За те два дня, которые поезд шел до Исмаилии, добровольцы покидали вагон только дважды, и то лишь для того, чтобы справить естественные потребности. Во время поездки выдавали сухари, лепешки из плохой муки и чай в жестяных кружках. О сне ни днем, ни ночью нечего было и думать. Одни горланили раскатистые песни, другие отпускали похабные шуточки.

Оглушенный болтовней неугомонных соседей, Омар сидел на своем узелке с пожитками и пытался прогнать мрачные мысли. Он, конечно, не хотел работать на строительстве железной дороги в Исмаилии, а мечтал отправиться собственным путем, но куда он его приведет?

Рано утром, когда на востоке заалела заря, поезд прибыл в Исмаилию. Британские полковники в униформе цвета хаки орали, отдавая команды, но их никто не понимал. И только с помощью жестов им кое-как удалось выстроить три сотни добровольцев в шеренги.
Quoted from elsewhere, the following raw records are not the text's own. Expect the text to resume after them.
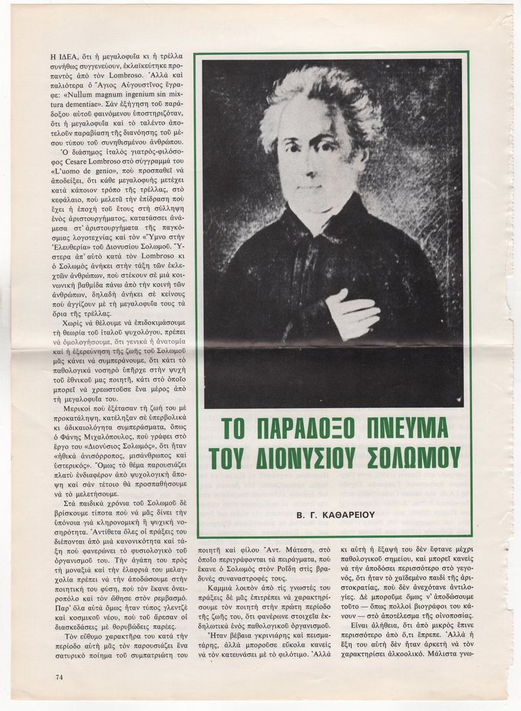 Απόκομμα, έντυπο, χαρτί ιλουστρέ, 2 φφ, 33,2×24,0 εκ., όπου δημοσιεύεται, στα ελληνικά, απόσπασμα άρθρου του Β.Γ. Καθάρειου για τον Διονύσιο Σολωμό.
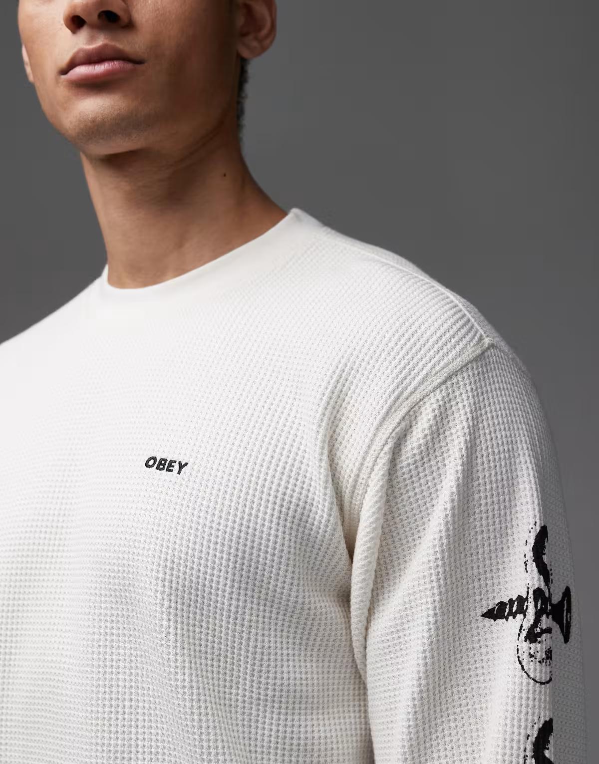Machine wash according to instructions on care labelMain: 60% Cotton, 40% Polyester.Founded in 2001, US streetwear label Obey is an extension of graffiti artist Shepard Fairey’s street and fine art campaign. Moving his populist views from the canvas to clothing, Fairey draws on workwear and military design influences across a selection of sweatshirts, print T-shirts and hoodies.
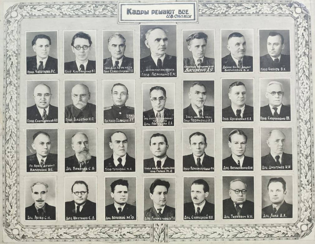 (мова оригіналу: проф. Чеботарев Р.С., проф. Кас'яненко В.Г., зам. дир. по науч. части Слабоспицкий Т.П., директор института Лемишко П.М., сектретарь парторган. и-та Василенко Д.Я., декан ин-та доц. Борисевич В.І., проф. Чубарь В.К., проф. Скоморохов А.Л., проф. Вашетко Н.П., ген. майор Полищук А.П., зав. каф. марксизма-ленинизма Аветисян А.А., засл. деятель наук проф. Поваженко И.Е., проф. Кравченко Н.А., проф. Скороходько А.К., гл. врач доц. Нагорный И.С., доц. Баженов С.В., проф. Полянский М.А., член коресп. Академии наук Гулый М.Ф., проф. Понамаренко Ф.М., доц. Безносенко А.Ю., доц. Дмитриев К.И., доц. Эрлер С.И., доц. Шестаков С.Д., доц. Волкобой М.Ф., доц. Гиммельрейх Г.А., доц. Синицкий Н.Н., доц. Туркевич К.И., доц. Липа Д.Л.)

По узким переулкам города с наполовину разрушенными низкими домами гулял порывистый ветер. Перед домами стояли тазы с тлеющими углями, высились горы мусора, стояла нестерпимая вонь. Мимо испуганно пробегали женщины в черных паранджах с привязанными за спиной маленькими детьми и исчезали за низкими дверьми. Другие жители выходили из домов и посмеивались над добровольцами, встречая их непристойными жестами. Мальчики вприпрыжку бежали рядом с колонной, пытаясь маршировать в ногу с добровольцами. Бездомные псы громко лаяли, куры в панике разлетались в разные стороны. Так мужчины добрались до большого палаточного лагеря, разбитого на окраине города.

Вокруг поднятого флага в шахматном порядке располагалось бесчисленное множество продолговатых грязно-зеленых палаток. Среди них были палатки с продовольствием, складские палатки, открытый загон с верблюдами, мулами и ослами. В качестве резервуаров с водой использовались тележки-цистерны для навозной жижи, а отхожие места были отгорожены натянутым брезентом.

На Синайском полуострове, между Суэцким каналом и заливом Акаба, простиралась каменистая пустыня, похожая на степь. На юге за ней высились высокие горы, а на севере – обширные карстовые возвышенности, на которых редко встречались вади[6] или оазисы с финиковыми пальмами, мальвами, зарослями утесника и саксаула, которые могли дать хоть какую-то пищу. Но здесь было много диких животных: опасных змей, каменных козлов и газелей, за которыми ночью гонялись гиены и шакалы. В этой враждебной для человека местности температура зимой падала ночью до нуля, а днем нещадно палило солнце.

Мужчины устремились в нищенски обставленные палатки, словно они отличались друг от друга своим оснащением: брезент на песчаной земле, на каждого – одно одеяло, в центре палатки – металлический стеллаж с жестяной посудой и обтянутыми войлоком полевыми фляжками. Омар неожиданно оказался среди девяти мужчин, которые были почти вдвое старше его. Он выбрал себе место прямо у входа, бросив свой узелок на покрывало, лежавшее на земле. Но это сразу не понравилось какому-то высокому, тощему старику. Не говоря ни слова, он оттеснил парня в сторону и кивнул в дальний угол. Омар повиновался. Мужчину звали Хафиз, больше из него ничего нельзя было вытянуть, по крайней мере, сначала.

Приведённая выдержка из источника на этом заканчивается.